I hate beginnings. Or rather, I hate messy beginnings. I do like, however, a neat starting point: a new year, a birthday, even a Monday is better than nothing. However, waiting for a neat starting point usually means for me never starting at all. Those key days when it makes sense to get started are also days when life is busy and filled with action. Reflection often starts a few days later and by then, the opportunity is missed.
Today, I started a new journal. A different kind to the writing I do here. It is offline. Whilst I already have an offline, old-school paper notebook journal, I rarely write in it. It just isn’t convenient for me to sit and write by hand, romantic as that notion is.

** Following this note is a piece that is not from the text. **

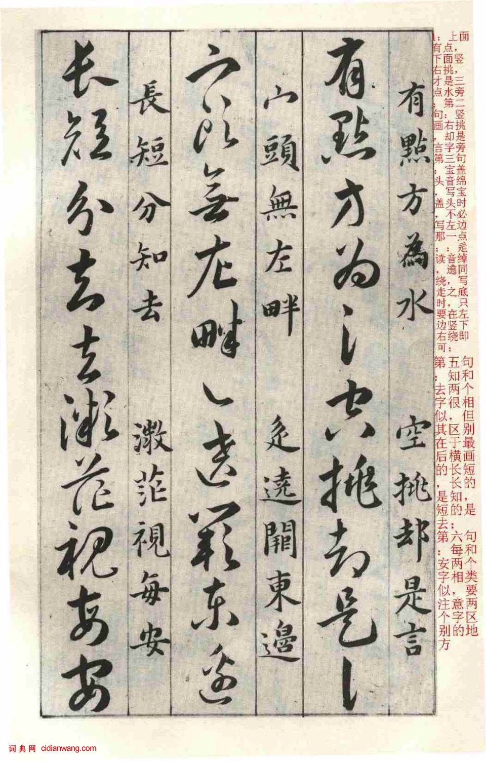 《草訣百韻歌》是明韓道亨於萬曆四十一年(公元一六一三年)書寫的。《草訣百韻歌》是把比較通行的草字集中起來,找出它的結體和行筆中的某些規律,編成五字一句的韻文,以便於記憶。例如把不易區別的字列在一起,指明差異之處,第三行“有點方為水,空挑即是言”,是指明草寫“水”字如“言”字的差異只在於“水”字有一點,而“言”字只空挑一筆;又如把某一草字的結構特點加以說明。

As part of Apple’s 5 year App Store birthday celebrations, I picked up Day One for free. It is available and syncs between our iMac, my iPad and iPhone and importantly it is pretty to look at. Well, maybe sleek is a better word. In any case, the fact that it is aesthetically pleasing makes it much more likely that I will want to access it regularly (dare I say it, daily?).
Writing offline is a new experience and it makes me realise how much of a show-off I am (it feel VERY strange to write knowing no-one will read it – apparently, I love an audience. So why am I bothering to write offline in a personal journal if it feels so strange, so private?
Writing privately has a big advantage that write here does not allow: I do not have to censor or edit my thoughts. I can write freely. However, I do not intend to use my personal offline diary as a place to vent whatever petty grievance I have with the world on any given day. Whilst that could serve a useful, fleeting purpose, it would not serve any long term purpose. Instead, I want to build a journal that is more than a list of events, more than a angry rant, more than a carefully edited version of my life. As I have to be increasingly careful about what I write about online with my fledgling teaching career, it will feel good to be able to write honestly and opening without fear of inadvertent exposure to pupil inquisition.
I want to create a piece of writing which will help me be a better writer (perhaps a better teacher) without having to think about why I am writing and who might be reading. Whilst I have already admitting to loving an audience, the audience I love also inhibits me from writing what I want. I can write without being accused of being banal. Because that is what I really fear: being banal
I have started today. Not a Monday, a birthday or a start of anything. I have started with an entry which is a little bit of reflection on diary writing, a little bit of what is on my mind today. I really hope I can keep writing every day about the things that matter to me. This is my first step from being a sometime blogger to an always diarist.